Do they learn quickly?  SO quickly!  Then they use it against you.  Recalls are virtually unknown here.  Oh, this one is okay with the recall, but that just means they’ll come up to you if there’s nothing else to do.  You are the most boring thing on their walk or run or whatever you’re doing and, if there’s something better, good luck getting them to come back.  They never will.  Oh, one did this one time, but it was a fluke.  And a hunk of cheddar.

Grooming?  They’re so clean; they practically bathe themselves.  Well, there was that mud incident.  Bathing them is great if you are tired of hearing… everything.  They scream.  Did we mention the scream?  Like a train whistle crossed with a dying rabbit.  No, we’re not being crude; that’s how it sounds.  No, we haven’t actually been around a dying rabbit, but anyway, they’re loud.  They blow coat like Michelangelo painted – with great perseverance, as if they put their whole hearts into re-insulating your house.  We hope you like the colour cream.  We’ve already mentioned the nails?  Good.

How are they with kids?  Oh they can be great if raised with kids, but we do recommend older, respectful children.  Younger ones are merely springboards to the Cheerios.  Well, I wouldn’t say that they would bite them, but Shibas do like their space and aren’t always fond of darting youngsters.  Oh, and that little habit of Junior of grabbing dogs’ cheeks needs to be stopped yesterday.  I’m sure it’s cute and looks great in family photos, but your dog with Junior’s head in its mouth is going to look slightly less photogenic.

You have to go?  Well, it’s been great meeting you and introducing you to this wonderful breed that we love with all our hearts.  Maybe the Shiba isn’t right for you, but it is for us and – in some small way – that makes us special.

Enter 2018

Winter on Vancouver Island marches on. The snow hasn’t lasted and a drizzly cold rain has superseded the white flakes that turned Nanaimo white for a few days.  With the excitement of the season over and the new year well underway, things have settled back down.  The Shibas seem ready to take on 2018.  Only three more months until Shimi turns one and Tierce turns eleven!

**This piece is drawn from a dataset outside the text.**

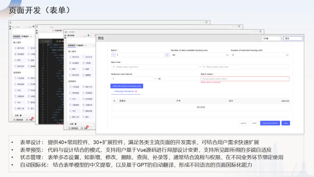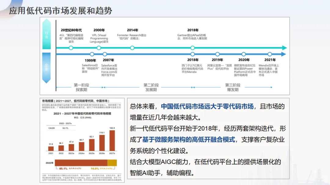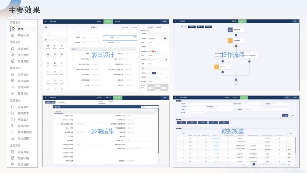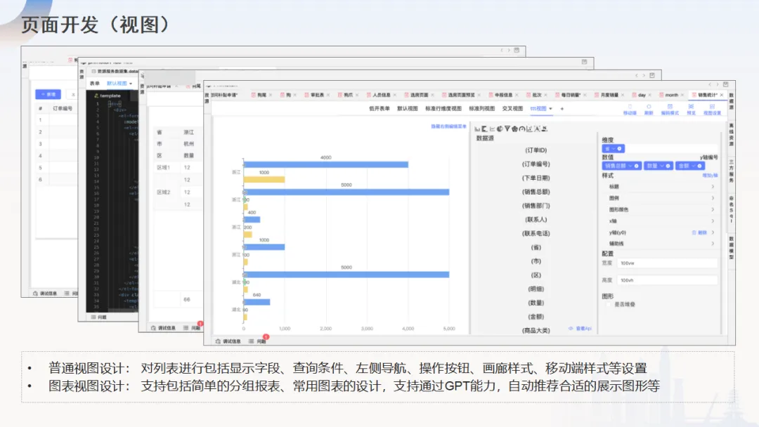 平台核心优势显著,通过设计器-中间模型-源代码的转化模式提升应用性能,借助多模服务编排引擎覆盖90%+业务功能,支持同构与异构微前端集成,具备细粒度安全配置与统一扩展机制。同时融入AIGC能力,在代码生成、数据分析等场景辅助开发,提升效率。

We have been walking a lot, exploring downtown and some of the larger parks.  Walking down the E&N Trail and heading across the highway to hit the Queen Elizabeth Walkway is a nice walk which connects with Maffeo-Sutton Park.  If you’re a Pokemon Go player, Maffeo-Sutton is a really popular place for Pokestops and gyms.  There’s nearly always people playing, sometimes with their dogs.

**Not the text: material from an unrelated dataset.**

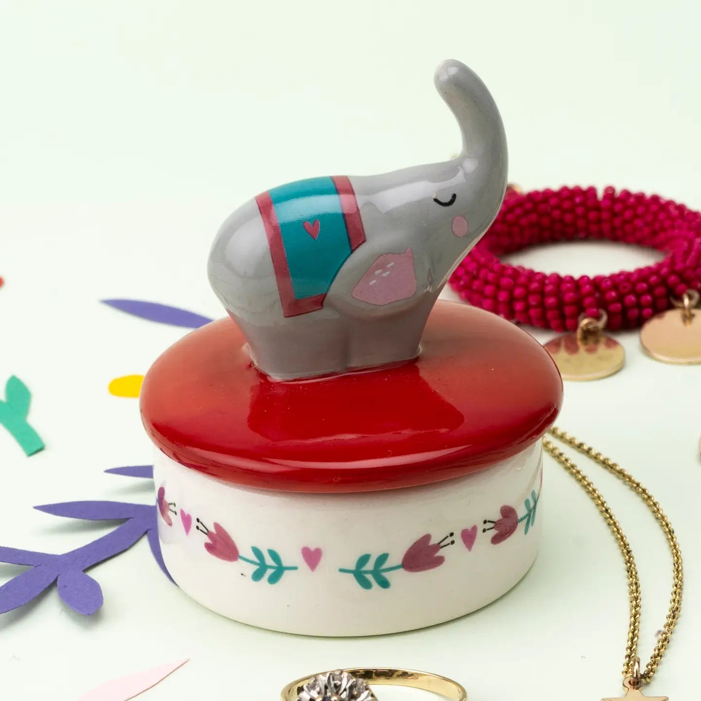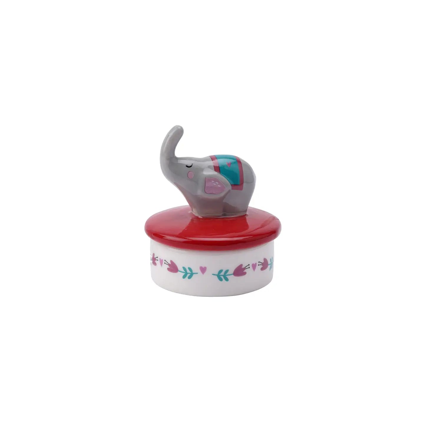 Keramikk Smykkekrukke med Elefantlokk – Floral Design

Pokemon Go isn’t a bad game to play with dogs.  It provides an opportunity to teach your dogs to walk by your side, stop and wait while you capture a Pokemon, and lie quietly while you go raiding.



Shimi does not like the bath.  She will cry after a little while and try to escape.  Tierce, of course, has a long-held disdain for water with soap.

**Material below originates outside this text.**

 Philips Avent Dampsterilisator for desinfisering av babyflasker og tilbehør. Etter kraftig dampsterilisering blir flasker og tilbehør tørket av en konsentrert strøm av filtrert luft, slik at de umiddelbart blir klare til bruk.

I’m thinking of stopping into Dog n’ Suds every so often.  The plan is to bring Tierce and Shimi into the bathing room and feed them treats, then leave.  Maybe that will inure them to bathtime.  Or maybe I should just bring a big chew stick with me.  The first bath Shimi had, she was kept quiescent with liberal applications of PB2 powder, so that could be a strategy.


Year Of The Dog Knife

Victorinox has come out with a stellar knife for 2018 – the Chinese Year of the Dog.  It might be a Chinese celebration, but the dog on the knife looks more than a little like a Shiba Inu.  So that’s what my mother got me for Christmas.  Happy Christmas/God Jul/Nollaig shona dhaoibh everyone.